::: Recorded data

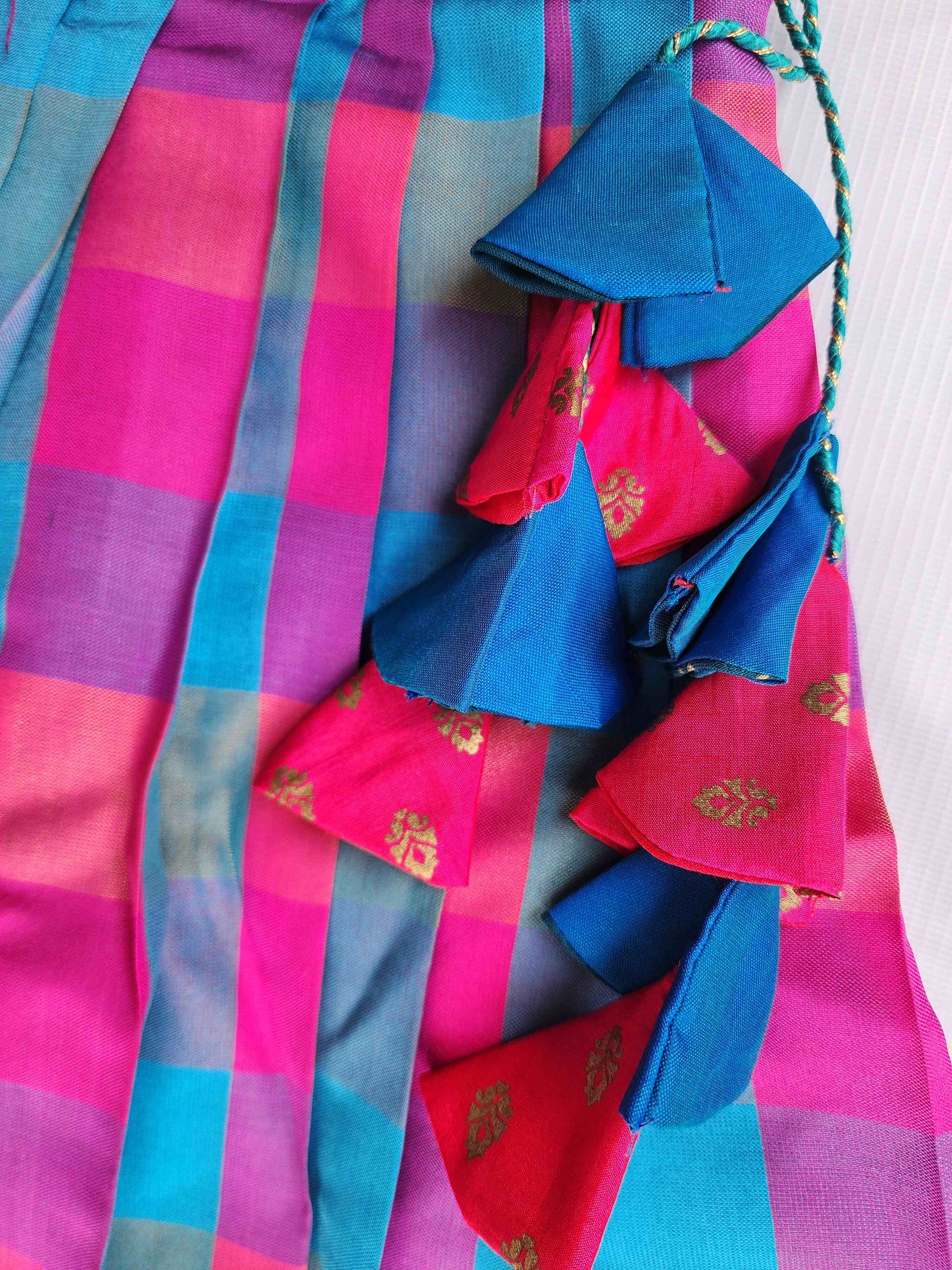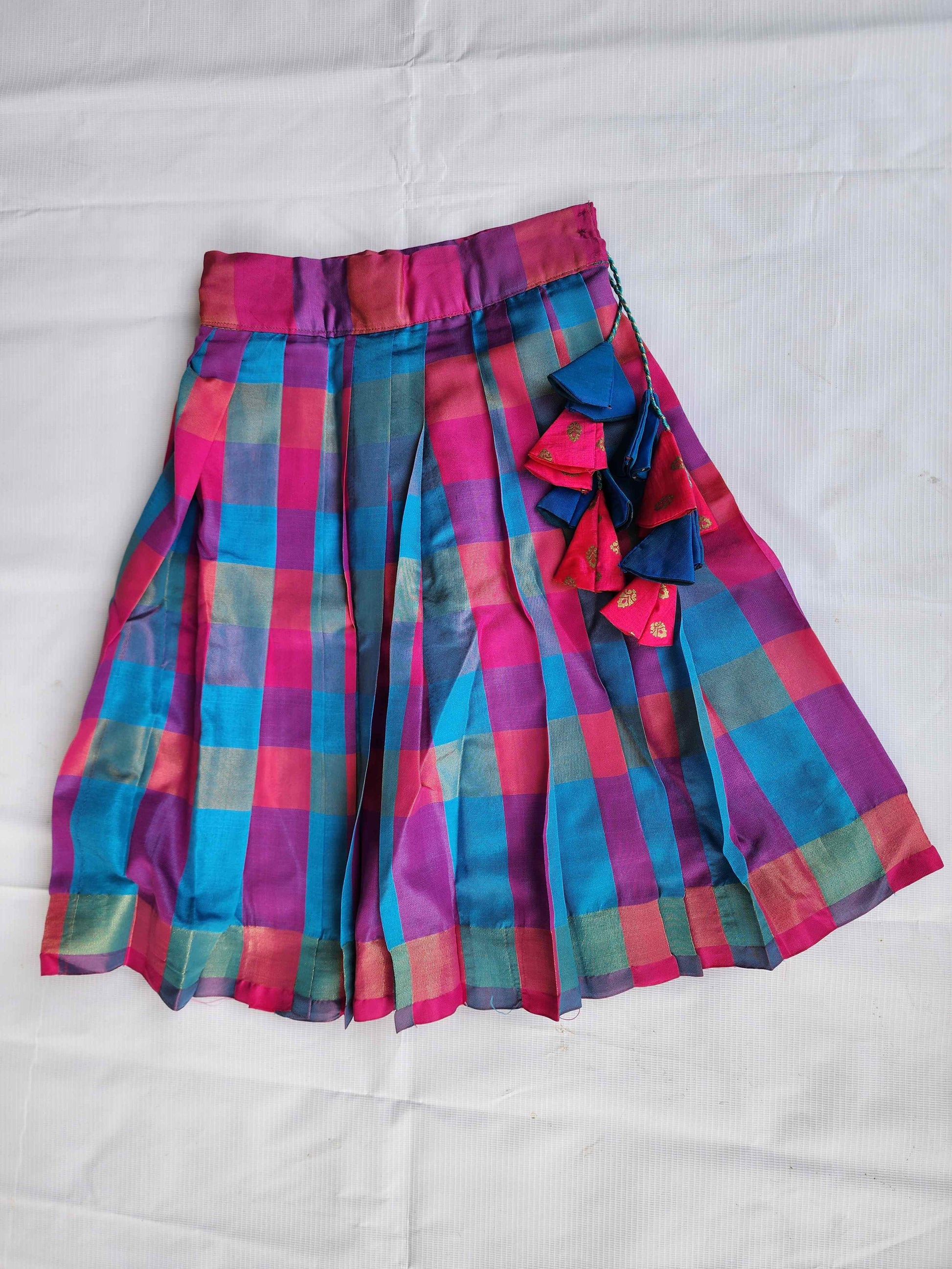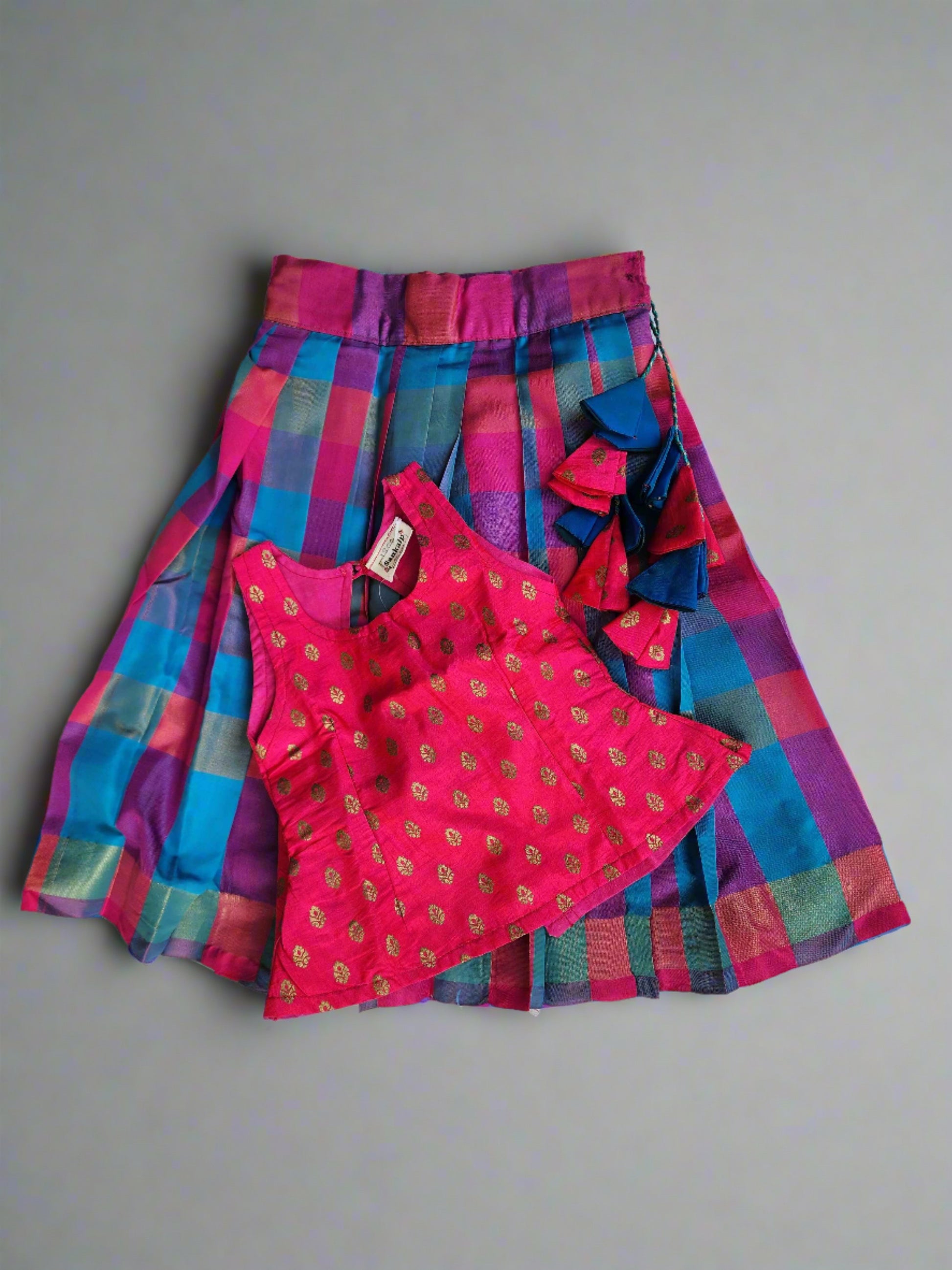 Strap on waist for Lehenga with side hooks, making it easy for kids to wear.
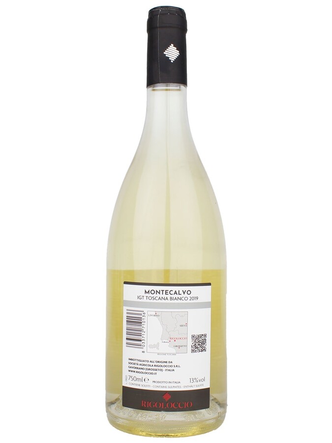 Vino bianco Toscana IGT Chardonnay - Fiano Montecalvo prodotto da Rigoloccio vino di qualità che migliora con il tempo. Forte componente minerale; banana e vaniglia leggera. In bocca è caldo, morbido buona freschezza e mineralità vino equilibrato e persistente.
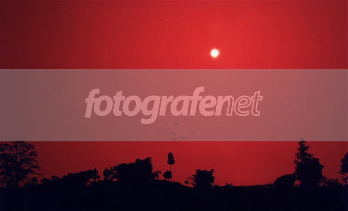 Merah membara..nuansanya seram..pas ada burung2 lagi.. seperti kelelawar malam.. this is like an abstract image..well done, Dino..
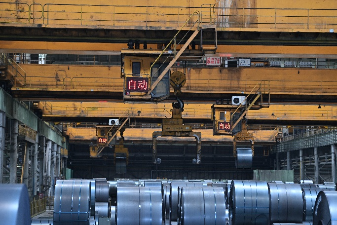 如今,经过改造的1580热轧卷库区实现了从热卷入库到打包、平整、倒运、取样以及钢卷出库的全流程无人化作业,满足单天1.3万吨全流程产能需求。工作人员只需要编制好生产计划、转库驳运计划,系统就能自动分配任务并设定行车行驶路线完成吊运作业,并可24小时不间断运行,提高吊运作业的标准化和连续运行作业效率,降低因人为因素造成的停机时间、往返路程、搜寻时间和倒库次数。

::::::

(Directions):
Please retype the whole listing above word for word and drop the pictures.

(Task response):
 Strap on waist for Lehenga with side hooks, making it easy for kids to wear.
 Vino bianco Toscana IGT Chardonnay - Fiano Montecalvo prodotto da Rigoloccio vino di qualità che migliora con il tempo. Forte componente minerale; banana e vaniglia leggera. In bocca è caldo, morbido buona freschezza e mineralità vino equilibrato e persistente.
 Merah membara..nuansanya seram..pas ada burung2 lagi.. seperti kelelawar malam.. this is like an abstract image..well done, Dino..
 如今,经过改造的1580热轧卷库区实现了从热卷入库到打包、平整、倒运、取样以及钢卷出库的全流程无人化作业,满足单天1.3万吨全流程产能需求。工作人员只需要编制好生产计划、转库驳运计划,系统就能自动分配任务并设定行车行驶路线完成吊运作业,并可24小时不间断运行,提高吊运作业的标准化和连续运行作业效率,降低因人为因素造成的停机时间、往返路程、搜寻时间和倒库次数。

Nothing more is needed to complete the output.